Le statut du Rassemblement
• Le Cheikh al-Alawî invitait tous les fuqarâs, sans distinction. Il invitait également des universitaires, des responsables gouvernementaux locaux et les adeptes d'autres ordres s'ils souhaitent participer, cependant sous conditions, ils devraient respecter les statuts de l'ordre Alawî, et ne pas essayer de prendre le contrôle du rassemblement. Ils ne devraient pas réciter des poèmes ou d'accomplir un acte jusqu'à ce qu'ils aient demandé la permission de l'hôte lui-même.
• La célébration ne devait en aucun cas, et par n'importe quel moyen, entrer en conflit avec la loi divine (Sharî'a). Les frères étaient tous priés à s'asseoir ensemble et à se rappeler Dieu et enseigner aux autres l'approche de Dieu.
• Les intervenants ne devraient pas prolonger leurs discours pour que le public ne se soit pas fatigué ou lassé.

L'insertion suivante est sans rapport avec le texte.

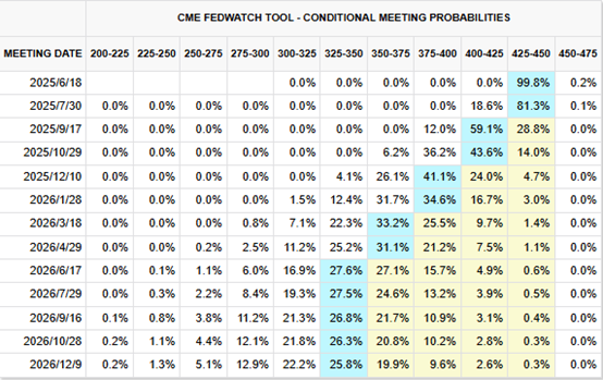 在关税不确定性持续扰动的背景下,5月美国CPI增速意外低于预期,环比增长仅录得0.1%,CPI同比增速从2.3%微升至2.4%,但这一变化主要源于四舍五入效应,5月实际同比增速为2.35%。当月汽油价格下跌2.6%,有效抑制了整体通胀上行。食品价格环比上涨0.3%(4月为下降0.1%),但同比涨幅2.9%显示基本趋势未变。名义工资3.5%-4.0%的增速与2.25%-2.50%的通胀水平,继续支撑实际收入保持约1.5%的稳健增长态势。未来的通胀水平或仍在工资-通胀螺旋以及关税滞后效应下存在一定的上行风险。总体来看,通胀水平呈温和放缓态势,叠加此前稳健的非农就业报告,将进一步缓解市场对于美国经济“滞胀”风险的担忧,美联储降息预期则得到相应提振。

• L'organisateur de l'événement doit être un maître de la voie autorisé par un précédent maître. Il devrait également avoir les connaissances requises sur la manière d'organiser l'événement de la meilleure façon possible. Il ne devrait pas être influencé par des suggestions venant de personnes qui n'ont pas de connaissance sur la voie, ce qui pourrait mettre tout l'événement en échec.
• Tous les participants doivent venir avec l'intention d'invoquer Dieu Seul. Ils ne doivent porter que de l'amour pour leurs autres frères. Ils doivent représenter l'ordre et le respecter. Ils ne doivent pas se raser et ne doivent pas porter autre chose que la tenue vestimentaire islamique, comme une «Djellaba» blanche avec leurs chapelets accrochés autour de leurs cous, afin que les personnes présentes voient la beauté de l'ordre, et surtout la nécessité de se faire distinguer des autres, en étant les hommes de Dieu.
• Les meilleurs chanteurs doivent être choisis, et ils doivent chanter les recueils de poèmes du Cheikh al-Alawî ou de certains de ses disciples, pour que les gens écoutent ce que l'ordre a d'enseignements.
• Les fuqarâs doivent éviter de laisser assister n'importe qui, pour que l'événement ne soit pas gâché par les mauvaises conduites et le mauvais comportement de certains.
• Les participants doivent respecter les pratiques de nos pieux prédécesseurs qui nous ont apporté cet ordre. Quand ils viennent à la Zawiya ou chez l'un des fuqarâs, ils doivent entrer en disant à haute voix le témoignage de la foi. Ils ne doivent pas regarder en bas [1] ou parler d'autres sujets lors des pratiques, tels que la Hadra ou en récitant les invocations à haute voix à l'unisson, car cela pourra les nuire et gêner les autres frères.
• Il ne faut en aucun cas intercaler entre les deux sexes, tout au long de l'événement. Il doit y avoir une barrière entre eux qui empêche tout contact afin que les cœurs restent sains et pures. [2]

Notes :
[1] Sens de la phrase incompréhensible, si ce n'est, ne pas baisser la tête !?
[2] A l'époque du Cheikh al-Alawî il n'y avait pas de plaques indiquant les emplacements (hommes / femmes). Il y avait, certes, un espace spécialement pour les femmes afin d'invoquer Dieu Tout-Puissant, toute fois, il était impensable qu'on laisserait une jeune fille apparaître en compagnie d'hommes, et de même, un jeune garçon apparaître en la compagnie des femmes.

Idris, faqîr Alawî, disciple du Cheikh Būzīdī Bujrāfī, Maroc.